These companies are ideologically very left leaning, and have been highly biased towards the Democratic Party in the US
throughout the Trump presidency.
For example, Facebook and Twitter removed the New York Post story about Hunter Biden’s alleged dirty dealings with Ukrainian businesses, at the height of the election in 2020, claiming variously that it is a hoax or that the story contains 'hacked' materials, neither of which is true. After Biden's victory however, it transpires that Hunter Biden is been actively investigated by the FBI. These same companies certainly did not ban articles about the alleged Trump-Russian collusion, which was shown to be a fabrication based on a fake dossier put together by a former British spy Christopher Steele, paid for by the Hillary Clinton campaign.
The
overwhelming power that the social media companies possess, in the age of
information, is not something that the world has not seen before. The US has
antitrust laws, implemented in 1890, ‘aimed at preserving free and unfettered
competition as the rule of trade’, in response to monopolies that arose as a
result of manufacturing booms. These monopolies got rid of competition and set
prices at the expense of consumers.
The
analogy is clear – think of the way that Google, Amazon and Apple colluded to get rid of their competitor platform
Parler. Like the railway monopoly in the 1880’s in the US that dictated the
pricing of the production, transportation and sale of all manners of goods, the
few social media companies like Facebook has monopolised the free-flow of
information, and even the frank exchange of opinions.
It
is heartening therefore to see that both aisles of Australian politics have
condemned the anti-democratic actions of Zuckerberg’s media goliath, and other countries have joined in.

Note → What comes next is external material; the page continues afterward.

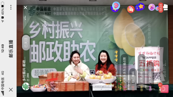 12月18日下午,重慶市銅梁區(qū)分公司聯(lián)合中國聯(lián)合網(wǎng)絡(luò)通信有限公司銅梁區(qū)分公司開展“鄉(xiāng)村振興、郵政助農(nóng)”郵樂平臺(tái)直播帶貨活動(dòng),為甜檸檬、鑫佳寶零食大禮包等特色農(nóng)產(chǎn)品代言。直播期間,通過開展“一元秒殺”“限量優(yōu)惠購”等方式,吸引了大波粉絲觀看,收獲點(diǎn)贊12000余次。截至發(fā)稿時(shí),已累計(jì)銷售助農(nóng)產(chǎn)品312單,銷售額1950元。
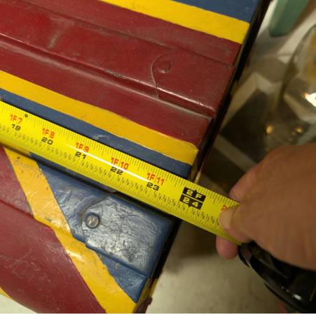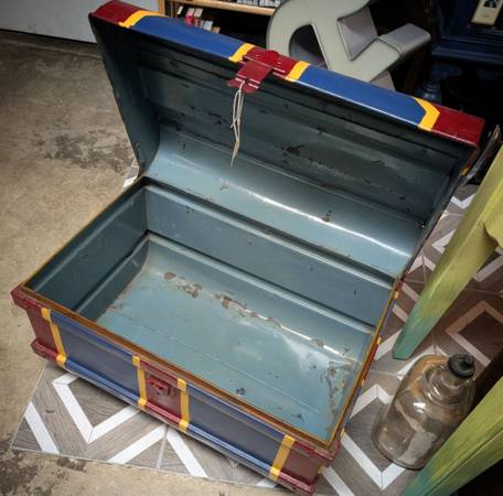 The interior is clean and painted blue. The trunk has carrying handles that work great.

For, after all, why does
anyone let a company, created to rate photos of girls, run by a bunch of 20
something and 30 something Silicone Valley small ‘L’ liberal types, decide that
17 million Australians shall not be able to access news?
This
episode exemplifies what should have been done much earlier – that the US need
to have clearly written laws about the responsibilities and powers that these
social media companies may exercise, not only in America, but across the world.
Failing this, these monopolies should be broken up, so that our freedom not
only to speak, but to listen to other opinions, are not in the hands of
unelected, uniform-thinking social media czars.